Émise dans le cadre de l’action collective instituée par des résidents d’Ottawa contre certains organisateurs du « Convoi de la liberté », la décision rendue par la Cour supérieure de l’Ontario le 17 février dernier en est une illustration[3]. Le juge MacLeod a émis une injonction Mareva à l’égard de plusieurs personnes qui auraient participé à ces événements et a ordonné le gel d’actifs détenus en cryptomonnaies (Bitcoins, Ethereum, Litecoin, etc.). Une ordonnance similaire n’a jamais encore été rendue au Québec. Or, certains portefeuilles d’actifs numériques ont déjà réagi à cette ordonnance en affirmant qu’elle n’était pas exécutable en raison de l’impossibilité technique qu’il y aurait à identifier les détenteurs des comptes de cryptomonnaies détenus sur leurs plateformes, impossibilité qui est en fait de l’essence même de ces plateformes. La seule information qu’auraient les opérateurs des plateformes serait ainsi l’adresse courriel de la personne qui effectue les transactions dans le portefeuille d’actifs. Les plateformes soutiennent également qu’elles ne peuvent sur le plan technique « geler » ces actifs puisqu’elles ne détiennent pas les « clés » que constituent les codes confirmant la détention d’une cryptomonnaie.

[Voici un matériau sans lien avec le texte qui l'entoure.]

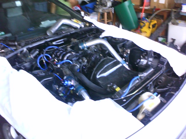 jus gotta connect everything and route the intercooler piping. ill be finishing the rest over the weekend. other than that its seriously almost done!!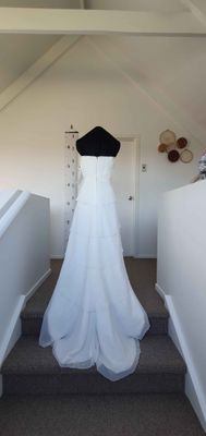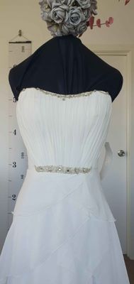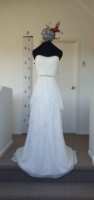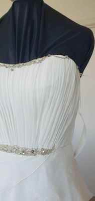 Beading along the top of the strapless bodice, and at the waist, give a touch of bling. Lightweight and easy to wear, the skirt has a mid length train.

Indépendamment du bien-fondé de ces arguments, qui seront sous peu débattus devant la Cour supérieure de l’Ontario, la réaction de ces plateformes numériques soulève l’importance d’ajouter   des conclusions additionnelles visant la personne à l’égard de qui l’injonction Mareva doit être rendue.

Peut-être pourrait-on s’inspirer des ordonnances accessoires rendues en matière d’ordonnances Anton Piller, qui empêchent une personne d’utiliser ses appareils électroniques avant d’avoir au préalable dévoilé les mots de passe permettant d’accéder aux plateformes et serveurs sur lesquels de l’information pourrait servir de preuve au litige entrepris. L’ordonnance Mareva pourrait prévoir l’obligation pour la personne visée de dévoiler sur-le-champ, à l’huissier, ses « clés » de cryptomonnaies, et lui interdire d’utiliser des appareils électroniques et d’accéder à tout portefeuille numérique avant que l’opérateur du service de portefeuille numérique n’ait confirmé que les actifs ne peuvent être désormais transigés. Il faudrait également prévoir l’obligation pour la personne visée de dévoiler sans délai l’ensemble des portefeuilles numériques qu’elle détient, de même que les adresses courriels qu’elle utilise pour y effectuer des transactions.

La décision rendue par la Cour supérieure de l’Ontario démontre que l’injonction Mareva entre désormais dans une nouvelle ère, celle des actifs numériques. Si les critères d’émission de ce recours demeurent les mêmes, les paramètres de son exécution divergent quant à eux fortement, et il sera essentiel de trouver des solutions pour que cet univers d’actifs n’échappe pas à l’autorité des tribunaux.

[1] Li et al. v. Barber et al., CV-22-00088514-00CP.

[2] Desjardins assurances générales inc. c. Malo, 2020 QCCA 462.

[3] Li et al. v. Barber et al., CV-22-00088514-00CP.